Microsoft.Data.SqlClient version: 5.2.0 .NET target: net8.0 SQL Server version: SQL Server 2019 SQL Server docker: mcr.microsoft.com/mssql/server:2019-latest
Operating system: Windows 11, Docker container

Additional context Problem was found on Microsoft.Data.SqlClient version 5.1.4, but still present.

Wraith2 commented 8 months ago

The performance difference is caused by registration and unregistration of a cancellation event handler in ReadAsync and cannot be avoided if you want to use a cancellation token which is provided by a CancellationTokenSource.

Douglasproglima commented 1 month ago

https://github.com/dotnet/SqlClient/issues/593

Wraith2 commented 1 month ago

Can you give context to your comment please? I'm not sure why this is still open.
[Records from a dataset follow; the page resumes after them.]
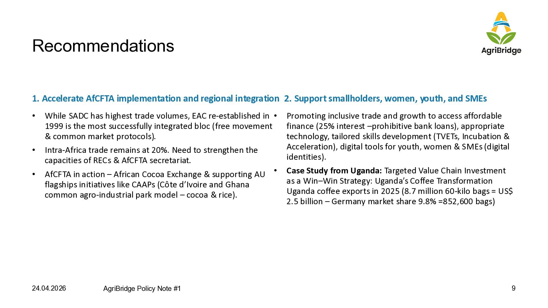 SADC has highest trade volumes, EAC re-established in 1999 is the most successfully integrated bloc (free movement & common market protocols). • Intra-Africa trade remains at 20%. Need to strengthen the capacities of RECs & AfCFTA secretariat. • AfCFTA in action – African Cocoa Exchange & supporting AU flagships initiatives like CAAPs (Côte d’Ivoire and Ghana common agro-industrial park model – cocoa & rice). • Promoting inclusive trade and growth to access affordable finance (25% interest –prohibitive bank loans), appropriate technology, tailored skills development (TVETs, Incubation & Acceleration), digital tools for youth, women & SMEs (digital identities). • Case Study from Uganda: Targeted Value Chain Investment as a Win–Win Strategy: Uganda’s Coffee Transformation Uganda coffee exports in 2025 (8.7 million 60-kilo bags = US$ 2.5 billion – Germany market share 9.8% =852,600 bags) 24.04.2026 AgriBridge Policy Note #1 9 2. Support smallholders, women, youth, and SMEs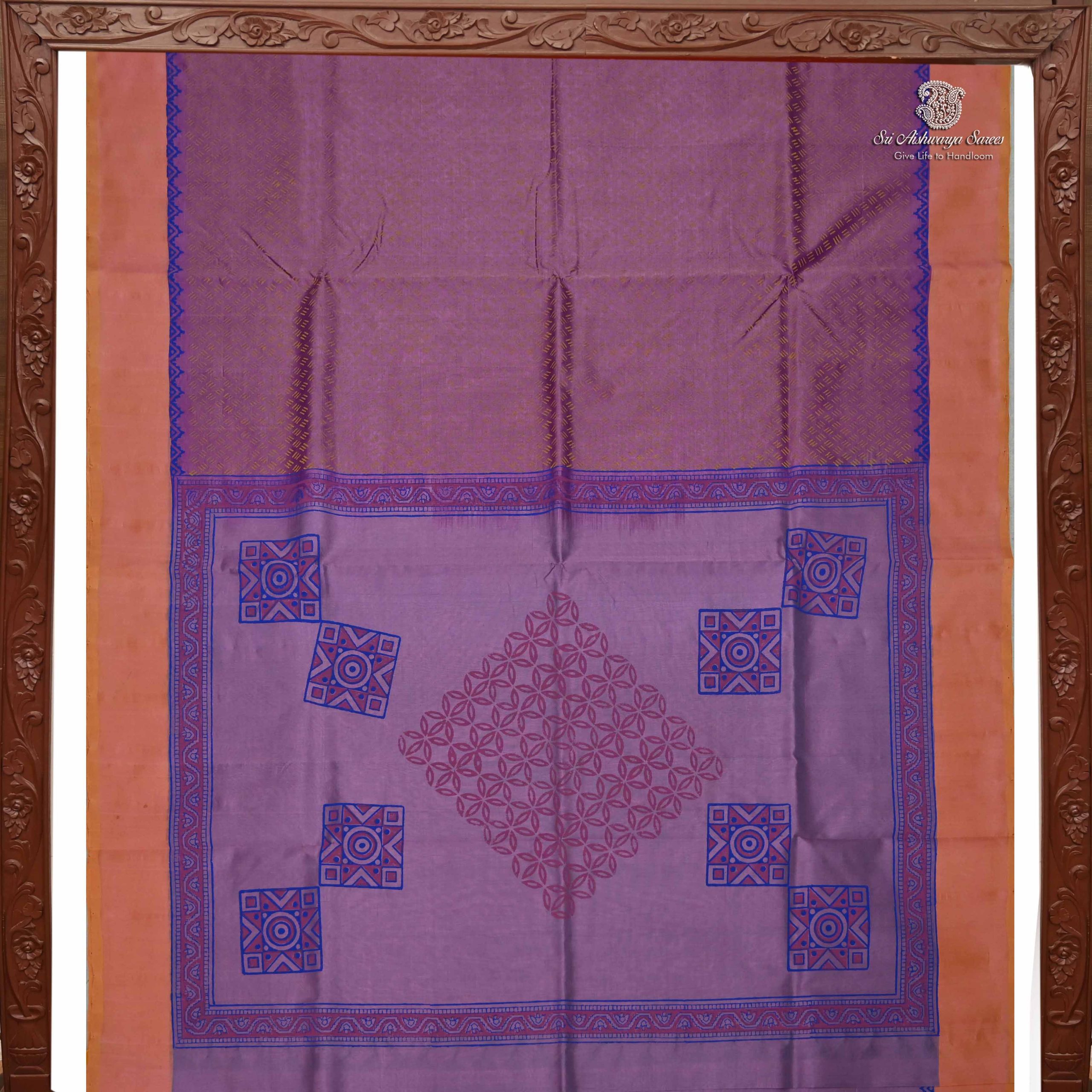 “Pure Silk Cotton Saree Printed with a rich onion pink body, complemented by a green simple pallu and adorned with elegant all-over motif design.”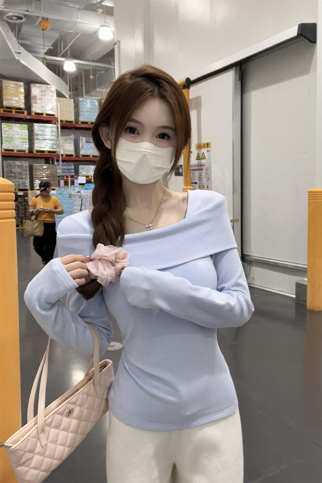 라운드 넥 색상 조합 한국어 버전 간단한 사랑 자수 긴 소매베이스 티셔츠 탑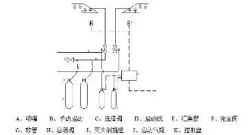 本系統(tǒng)的主要設(shè)備和器材包括:?jiǎn)?dòng)氣瓶、啟動(dòng)氣瓶、滅火劑瓶組、控制器、選擇閥、安全閥、容器閥、噴嘴等。

The performance difference is explained and unavoidable, unfortunately.

roji commented 1 month ago

@Wraith2 are you saying that the almost 4 second difference is just a result of registering/unregistering the event handler?
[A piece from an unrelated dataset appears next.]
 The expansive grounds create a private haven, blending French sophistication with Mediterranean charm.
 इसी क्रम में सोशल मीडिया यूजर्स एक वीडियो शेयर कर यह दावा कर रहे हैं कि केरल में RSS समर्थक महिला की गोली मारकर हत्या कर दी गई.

vonzshik commented 1 month ago

@roji that's the result of registering/unregistering the event handler 50 million times distributed over 5 concurrent threads. For example, locally with this repro I see the difference between 1400 ms (if CancellationToken is passed) and 11ms (if it's not).

using System.Diagnostics;

while (true)
{
    using var cts = new CancellationTokenSource();
    var sw = Stopwatch.StartNew();

    var tasks = new List<Task>();

    for (var i = 0; i < 5; i++)
    {
        tasks.Add(Task.Run(() => Callback(cts.Token)));
    }
    await Task.WhenAll(tasks);

    Console.WriteLine($"Elapsed: {sw.ElapsedMilliseconds}ms");
}

void Callback(CancellationToken cancellationToken)
{
    for (var i = 0; i < 10_000_000; i++)
    {
        using var _ = cancellationToken.Register(() =>
        {

        });
    }
}
roji commented 1 month ago

I see, thanks @vonzshik!

Wraith2 commented 1 month ago

@Wraith2 are you saying that the almost 4 second difference is just a result of registering/unregistering the event handler?

Yup, I profiled it. Slightly surprising but it's all down to the registration of the callback and administering it.